The construction of women’s market at Sittanunku Village, Upper Nuimi District, by Jerreh Sittanunku Development Association (JSDA) is progressing, JSDA chairman said.
Sanusi Darboe said if not for the intermittent delays in gathering funds, the construction, which began in December last year, is going smoothly, thanks to the support of the village youth and women.
Sittanunku is at the centre of villages all of which do not have market.
“Therefore, we embark on market construction not only for Sittanunku but for the other villages as well for they can also bring their agricultural produce and other products to the marketfor sale,” Mr Darboe said.
Since its inception, three years ago, JSDA brought some notable developments to Sittanunku such as facilitating the repairs of the damaged borehole of the village, constructed two public toilets at the village and contributed to the fencing of the village cemetery.

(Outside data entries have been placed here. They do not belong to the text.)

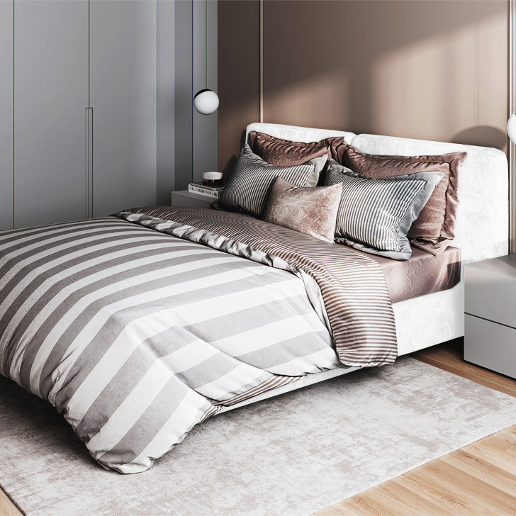 El espaldar está construido con paneles cosidos a mano individualmente, también está generosamente acolchado con espumas de alta densidad, lo que permite versatilidad en la ubicación de la habitación. El espaldar es una pieza de gran tamaño que no se puede desmontar. Recomendamos medir las entradas y los pasillos para garantizar un espacio libre, adecuado para la entrega.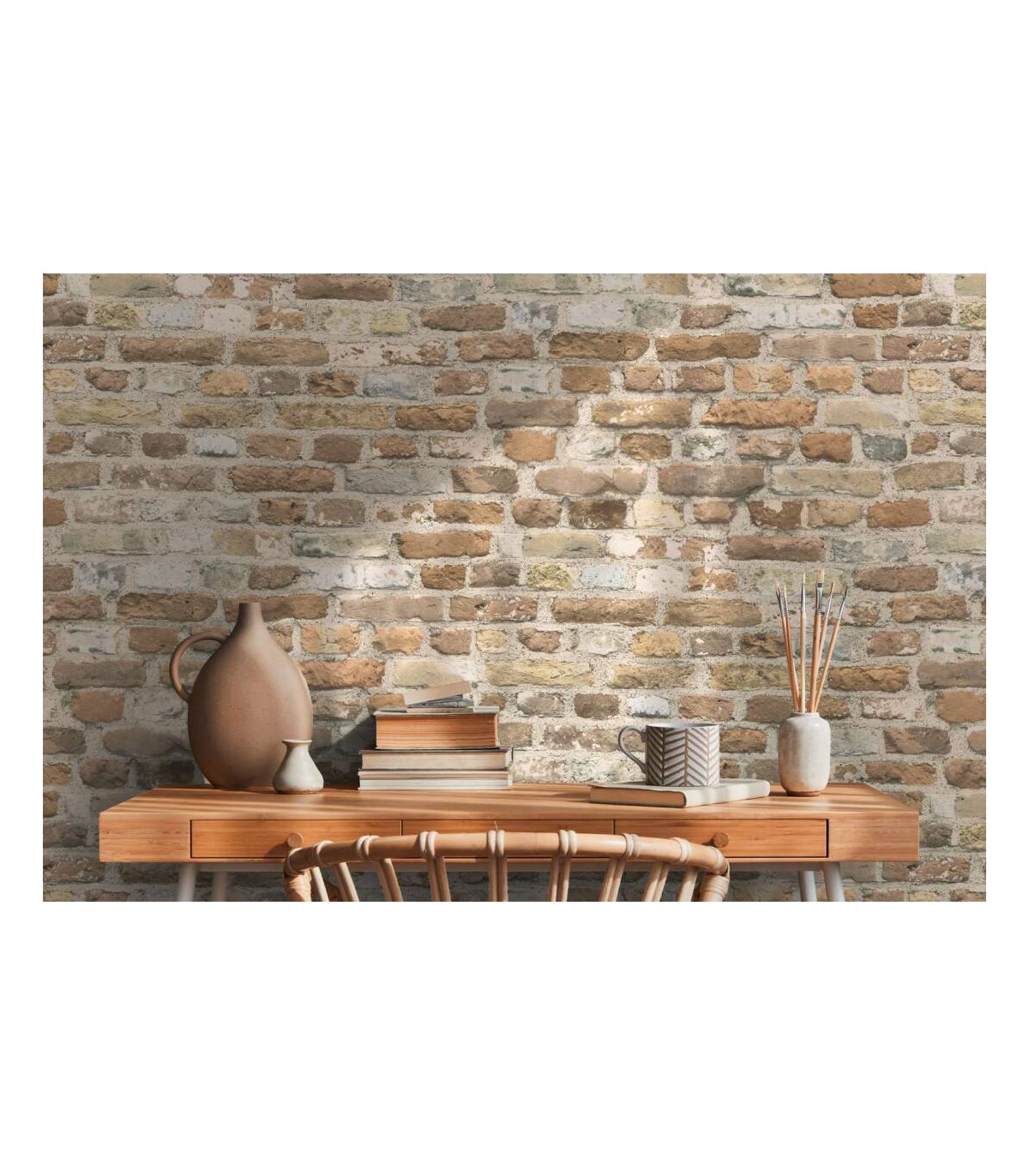 Rouleau 0,53x10,05 m, Raccord sauté de 64/32 cm. Couleur: beige, crème, gris, marron, taupe. Décor: déco / motif, pierre, structure. Pièce: bureau, chambre, couloir, cuisine, salon. Qualité: Bonne résistance, Brossable, Strippable.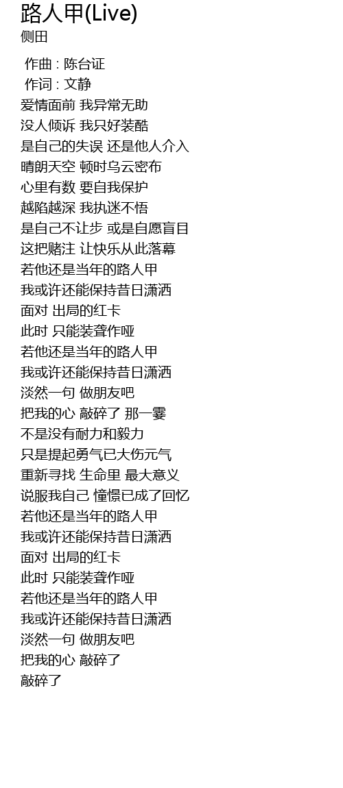 | [01:17.41] | ruò tā hái shì dāng nián de lù rén jiǎ |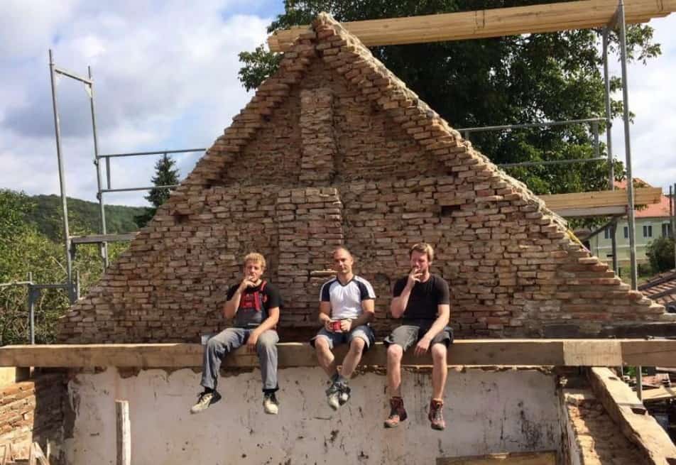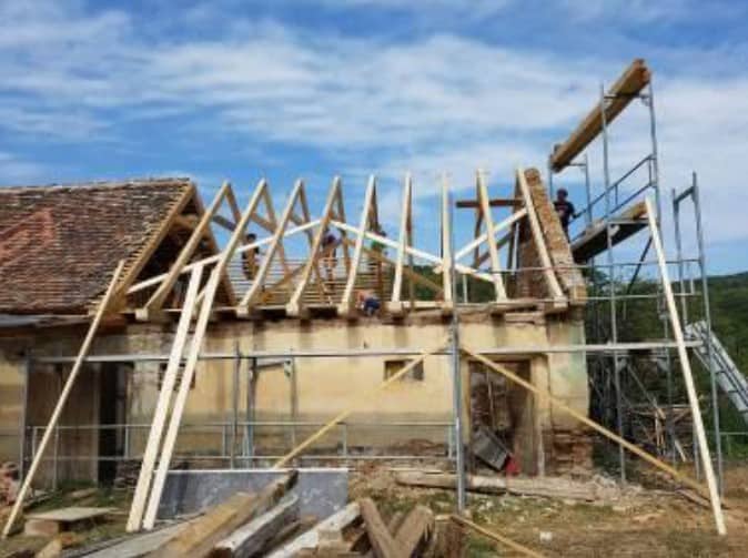 Seit 2010 genießen wir nicht nur die kulturelle und landschaftliche Vielfalt Siebenbürgens, sondern arbeiten in Rumänien in der Nähe von Hermannstadt/Sibiu auch im Rahmen eines EU-Projekts mit unseren Bautechniker*innen an der Sanierung der Kirchenburg in Mardisch/Moardas bzw. am Pfarrhaus und Nebengebäude in Martinsdorf/Metis. Dieses Jahr waren wir vom 31. August bis 15. September 2017 vor Ort. Unser Hauptaugenmerk lag dieses Jahr auf der Erneuerung des letzten Drittels des Dachstuhls des Nebengebäudes sowie der Sanierung eines Teils der Kirchenmauer und anderen, kleineren Gewerken.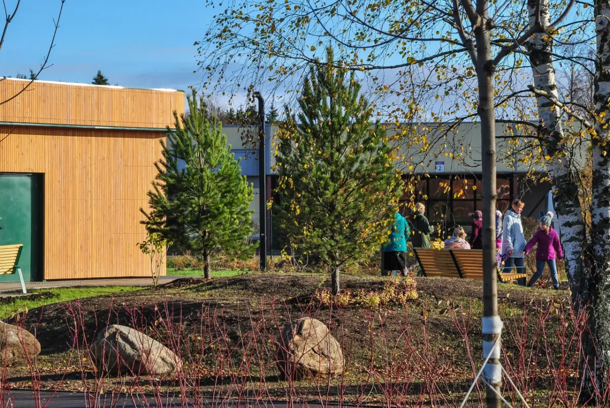 «Разноуровневое озеленение придаёт пространству уют: на территории высажены клёны, сосны, ивы, рябины и декоративные кустарники — боярышник, сирень, пузыреплодник, лапчатка, спирея, дёрен. Весной озеленение дополнит красочный цветник, а в приствольных кругах деревьев по всей территории зацветут колокольчики, напоминающие о главном символе города», - отмечается в ВК-группе Центра.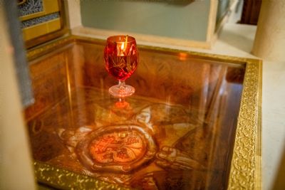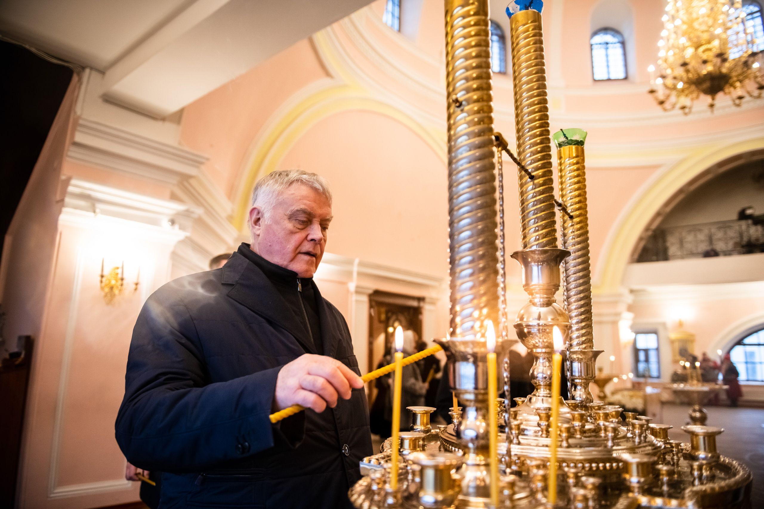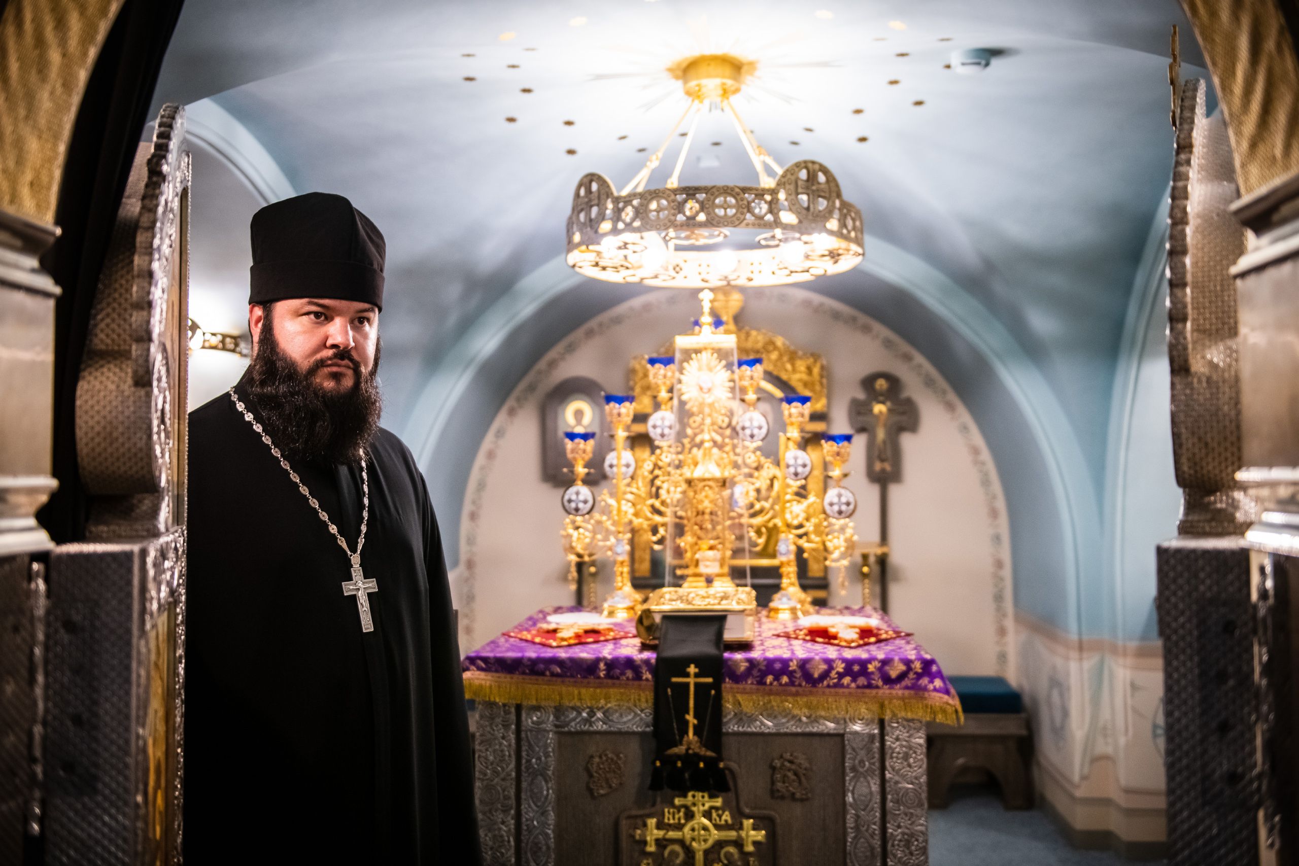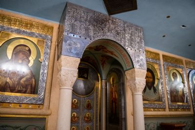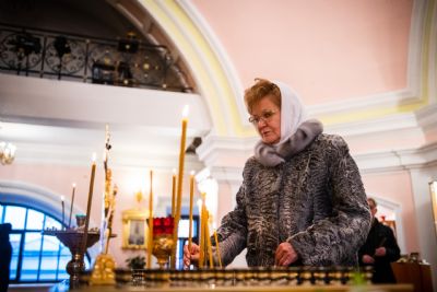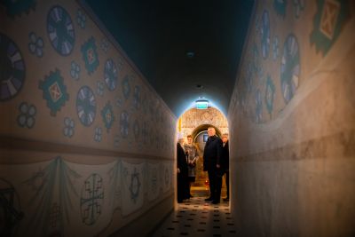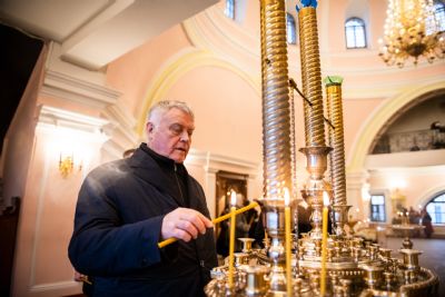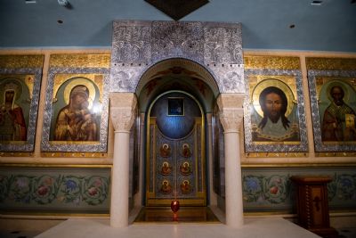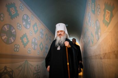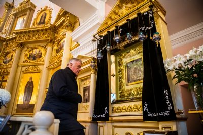 В сопровождении митрополита Феофана Владимир Якунин поднялся в Крестовоздвиженский храм, где приложился к древнему списку Казанской иконы Божией Матери.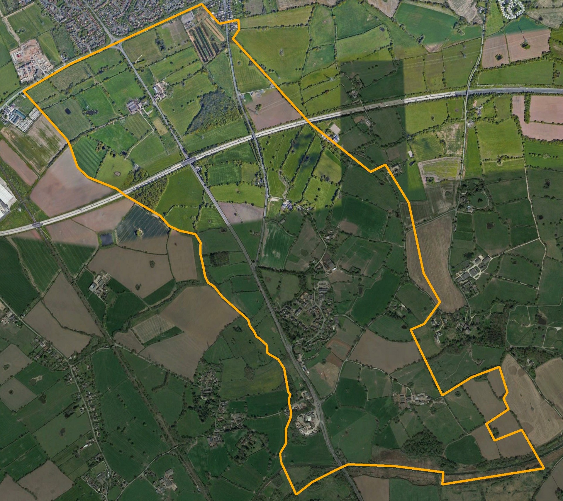 This is an area of farms and open land, which includes a smithy. Parish Reminiscences recalls the residents' memories of children walking to school, playing in the fields, sailing sticks in the brook, playing in the hay in the barns, chasing rabbits with dogs, and fishing for roach in local pits and the canal. Older residents who remember these glorious days regret the recent decline in the bird population. Unfortunately, there are now few moorhens, because ponds have been filled in; few lapwings because they can't nest on the ground, and for the same reason no skylarks. Yellowhammers are no longer to be seen in the hedgerows, and swifts no longer shriek overhead.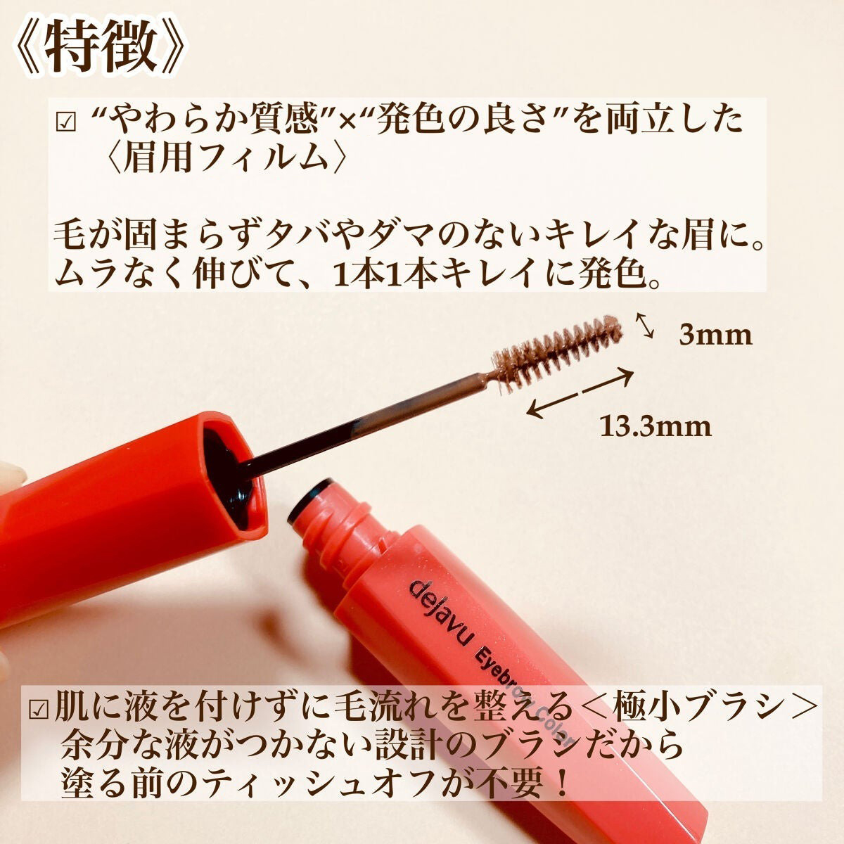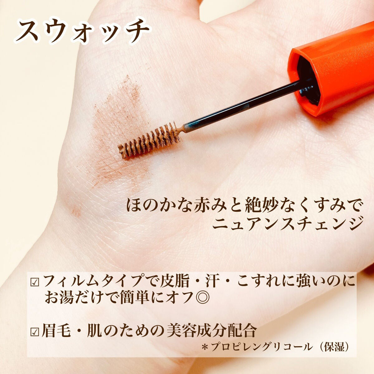 - \\25年3月定番新色モカグレージュ発売// 「フィルム眉カラー」なら眉の印象を自然にやわらげ、ふんわり質感の垢抜け眉に! 1.塗りやすい極小ブラシ ・ 先端直径3mmで、地肌に液がつきにくく根元から色づける ・余分な液がつかない設計で、ティッシュオフ不要 2.眉専用フィルム液 ・眉毛1本1本にキレイに色付き、自眉の黒さをやわらげる ・タバになったり、パリッと固まったりせず、まるで自眉のような仕上がり ・皮脂・汗・こすれに強いのにお湯で簡単オフ (※2025年9月以降、商品パッケージをリニューアル。)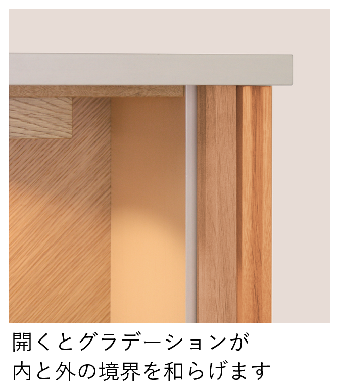 オシャレな矢貼りの扉は開けるとサイドにスッキリと収まり、省スペースです。

On the area of education, annually JSDA awards prizes to the best students of Sittanunku Basic Cycle and Senior Secondary School.
“All of these are financed from our members’ monthly contributions,” JSDA chairman said, adding that so far, the ongoing construction of the market is entirely financed through the monthly membership contribution.
JSDA Secretary General Lamin Jahateh said the association is a legally registered non-profit and non-partisan community development organisation. It has a board of advisers consisting of some distinguished and eminent personalities of Sittanunku.
The aims and objectives of JSDA include supporting socio-economic development of Nuimi Sittanunku village in all areas including education, health, agriculture, culture and sports.
Mr Jahateh said the association has a strategic plan which guides its development interventions in the short and medium terms.
The market construction is part of the strategic plan to help address the challenge that women of Sittanunku and surrounding villages face in marketing their perishable agricultural produce.
The head of the market construction committee, Lamin Fatty, said now that the building process is progressing to finishing stage, support is needed to complete it.
At least sixteen (16) packets of corrugated iron sheets is needed as well as timber, paints and additional bags of cement, they said.
“We would be grateful of any support in the completion of the market,” Mr Fatty said.